# Topdressing/leveling



## dbarlow (Jul 8, 2018)

Hello everyone thanks for any help. I have Geo Zoysia in my yard and I need to level it off more. Its been planted for about a year now. Is now a ok time to level it? I'm from Mississippi so it's still should be plenty of growing time left. The next question is should I just use a fine sand, or mix sand and topsoil? I've been curing this year at about 1.5 inch with a rotary mower, but next year I'm going to start cutting it with a reel mower. Thanks for any help.


----------



## rhollow1 (Jun 28, 2018)

I went down to my local nursery/rock supply and got masonry sand. I just made sure there were no big rocks in it. I would call around and even check out a few spots that sell sand to see who has the finest sand.


----------



## Ecks from Tex (Apr 26, 2018)

dbarlow said:


> Hello everyone thanks for any help. I have Geo Zoysia in my yard and I need to level it off more. Its been planted for about a year now. Is now a ok time to level it? I'm from Mississippi so it's still should be plenty of growing time left. The next question is should I just use a fine sand, or mix sand and topsoil? I've been curing this year at about 1.5 inch with a rotary mower, but next year I'm going to start cutting it with a reel mower. Thanks for any help.


For sand, any time the grass is growing is ok to level, although the optimal time is early spring. If you are going to level with sand and compost blends, which is what I use, then I prefer early fall late summer while the grass is still growing. I usually time it out with core aeration.


----------



## jayhawk (Apr 18, 2017)

Dbarlow, another Geo, glad to have you. if it's in mostly sun all day, it's probably thick and lush at 1.5"? How low can you get your existing mower?

You got time in the season, do you have irrigation?


----------



## jayhawk (Apr 18, 2017)

In my area, I've struggled to find clean dirt to mix with sand. (W/o chips of bark, sticks, and other fillers) levellawns for example, uses river sand which is disguised better than white masonary but that's temporary. Either one, it's not going to make much a difference.


----------



## dbarlow (Jul 8, 2018)

jayhawk said:


> Dbarlow, another Geo, glad to have you. if it's in mostly sun all day, it's probably thick and lush at 1.5"? How low can you get your existing mower?
> 
> You got time in the season, do you have irrigation?
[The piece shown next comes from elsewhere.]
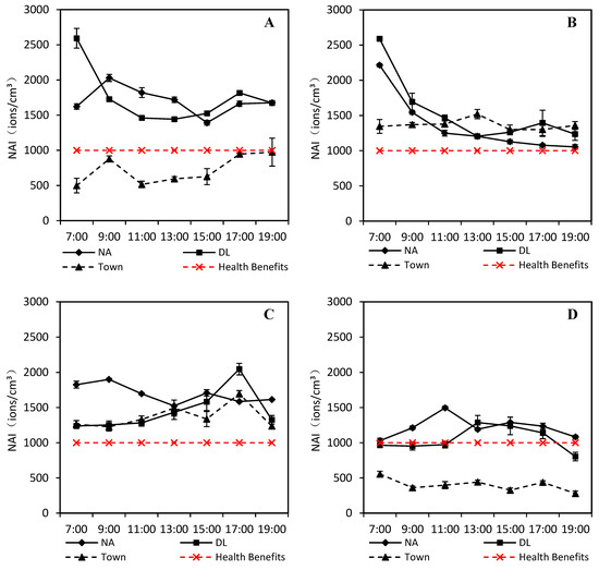 Diurnal changes in the NAI concentrations in four seasons in two kinds of clustered bamboo forests: (A) spring; (B) summer; (C) autumn; (D) winter; (NAI) negative air oxygen ion concentration; (NA) Neosinocalamus affinis forest; (DL) Dendrocalamus latiflorus forest. The red line shows the minimum standard required by the WHO for the concentration of negative oxygen ions in fresh air.

My current mower will go about 1". installers installed it after a bunch of rain and it's taken time to get level. Yes I have a good irrigation system. Any pics of your geo?


----------



## dbarlow (Jul 8, 2018)

jayhawk said:


> In my area, I've struggled to find clean dirt to mix with sand. (W/o chips of bark, sticks, and other fillers) levellawns for example, uses river sand which is disguised better than white masonary but that's temporary. Either one, it's not going to make much a difference.


Yeah I think I've found some good sand.


----------



## jayhawk (Apr 18, 2017)

I have zeon mostly, emerald (1/2 pallet), and tigrand along the beauty strip. Zeon areas are all part sun to varying degrees. I put out a few Geo squares to patch some weak areas years ago and now would struggle to recall precisely were....they are so similar. 
In our 40 home subd, 1 home is Geo and it's done well (it's in year 3) with no substantial care...I doubt they mow every 7 days.

There has just been a recent 'surge' here in Geo....0 last year to 3 in recent months (from memory).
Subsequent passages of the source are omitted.